If the neuron model has more than one synapse mechanism, or more than one synaptic location, the particular synapse to which the connection should be made is specified with the synapse_type argument, e.g.:

>>> connect(source_list, target_list, weight=1.5, delay=0.5, synapse_type='inhibitory')

(the attribute synapse_types of all standard cell objects contains a list of the synapse types for that cell type).

Setting neuron parameters

There are many ways to change the parameters for individual neurons and post-synaptic mechanisms after creation of the neuron. To change a single parameter of a single neuron, just set the relevant attribute of the neuron ID object, e.g.:

>>> cells = create(IF_curr_exp, cellparams={'v_thresh': -50.0}, n=10)
>>> cells[0].tau_m
>>> cells[0].tau_m = 15
>>> cells[0].tau_m

To change several parameters at once for a single neuron, use the set_parameters() method of the neuron ID, e.g.:

>>> cells[1].set_parameters(tau_m=10.0, cm=0.5)
>>> cells[1].tau_m
>>> cells[1].cm

To change parameters for several cells at once, use the set() function, e.g.:

>>> set(cells[0:5], param='v_thresh', val=-55.0)
>>> print cells[0].v_thresh
>>> print cells[5].v_thresh

Individual parameters can be set using the param and val arguments, as above, or multiple parameters can be set at once by passing a dictionary of name:value pairs as the param argument, with val empty, e.g.:

>>> set(cells, param={'tau_refrac': 2.0, 'tau_syn_E': 5.0})

Injecting current

If you want to inject a current (which may be time varying), create a CurrentSource object and connect it to the neuron either using the inject() method of the neuron ID or using the inject_into() method of the CurrentSource:

>>> pulse = DCSource(amplitude=0.5, start=20.0, stop=80.0)
>>> steps = StepCurrentSource(times=[0.0, 50.0, 100.0], amplitudes=[0.1, 0.2, 0.3])
>>> pulse.inject_into(cells[3:7])
>>> cells[9].inject(steps)

Recording spikes and membrane potential

To record action potentials use the record() function, to record membrane potential use the record_v() function and to record synaptic conductances use the record_gsyn() function. The arguments for all three functions are a cell id (or a Population, Assembly or PopulationView), and a filename, e.g.:

>>> record(cell, "spikes.dat")
>>> record_v(cells, "Vm.dat")

In some cases it is more efficient to write files in the simulator’s native format, rather than the standard PyNN format. In this case, use the compatible_output=False argument to the end() function.

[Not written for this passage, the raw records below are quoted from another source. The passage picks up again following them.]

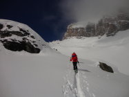 Kleinere oberflächliche Rutsche des letzten Neuschnees, sonst im Einzugsbereich der Route keine.
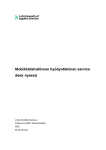 Opinnäytetyön tavoitteena oli tutkia mobiililaitehallinnan hyödyntämistä service desk -työssä. Työn aihe saatiin toimeksiantona it-alan yritykseltä. Tavoitteena oli selvittää, onko mobiililaitehallinnan toimintojen käyttämisestä hyötyä service desk -työntekijälle. Opinnäytetyö toteutettiin toiminnallisena tutkimuksena opinnäytetyön tekijän työskennellessä samanaikaisesti toimeksiantoyrityksen service deskissä.
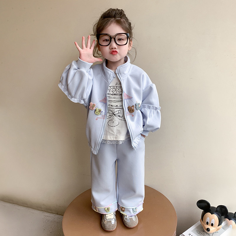 女童春装 2026新款 洋气儿童衣服时髦女宝宝卫衣春秋两件套童装 套装
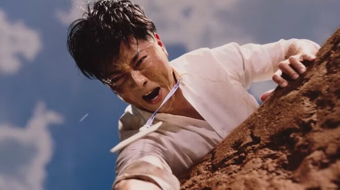 50歳(2025年当時)とは思えないキレのある動きで、スーツ姿のままビジネスの困難を崖に見立てて登り、渾身の「ファイト イッパーツ!」を披露。
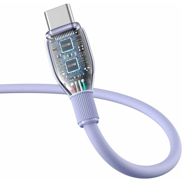 Cablul USB Type-C 100W din seria Baseus Pudding are culori elegante si un design unic cu o carcasa transparenta.
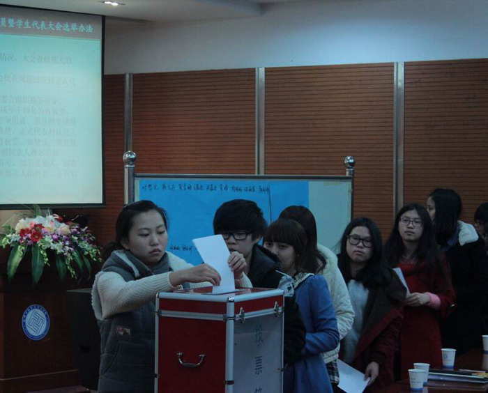 之后,大会听取并审议了分别由罗程同学和钱岗峰同学所作的《第十二届团总支、学生会工作报告》。在主持人公布选举办法、候选人、监票人名单、候选人产生情况说明等事项后,21名候选人根据抽签顺序依次上台作了竞选演讲。各位代表按照大会程序,在总监票人、监票人的监督下,对这21名候选人进行了无记名差额投票,选举生了系团总支、学生会新一届19名成员。
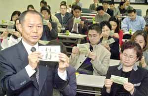 外換銀行26日在總部大禮堂聘請識別專家徐太石科長﹐針對百貨商店﹑一般銀行﹑大使館等與外匯打交道的人士﹐進行了偽鈔識別方法的教育。
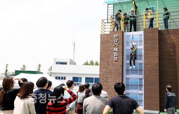 대전 중구(구청장 박용갑)가 완강기 체험장 설치를 완료하고 26일 첫 체험교육을 실시했다.
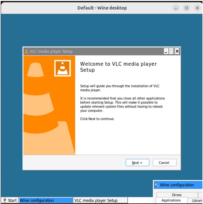 To demonstrate installing a Windows application with Wine, we will install the VLC media player, a free and open-source cross-platform media player.
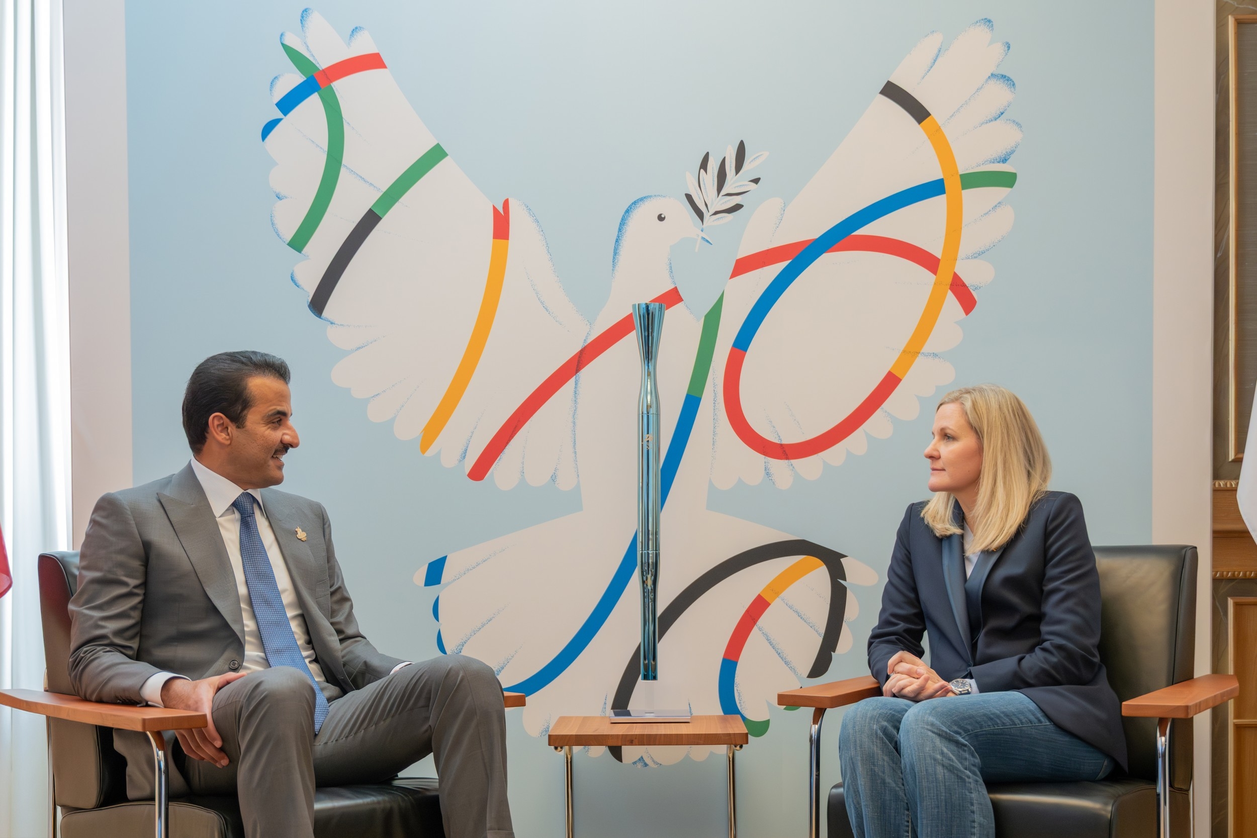 التقى حضرة صاحب السمو الشيخ تميم بن حمد آل ثاني أمير البلاد المفدى، سعادة السيدة كيرستي كوفنتري رئيسة اللجنة الأولمبية الدولية، اليوم، وذلك قبيل افتتاح دورة الألعاب الأولمبية الشتوية “ميلانو كورتينا 2026”، بمدينة ميلان في جمهورية إيطاليا الصديقة.

For recording to binary (e.g. HDF5) rather than text files, see the chapter on file formats.

Running a simulation

The run() function runs the simulation for a given number of milliseconds, e.g.:

>>> run(1000.0)

Finishing up

Just as a simulation must be begun with a call to setup(), it must be ended with a call to end(). For the procedural API, this is also the point at which data gets written to file.


There are several example scripts in the examples directory of the source distribution.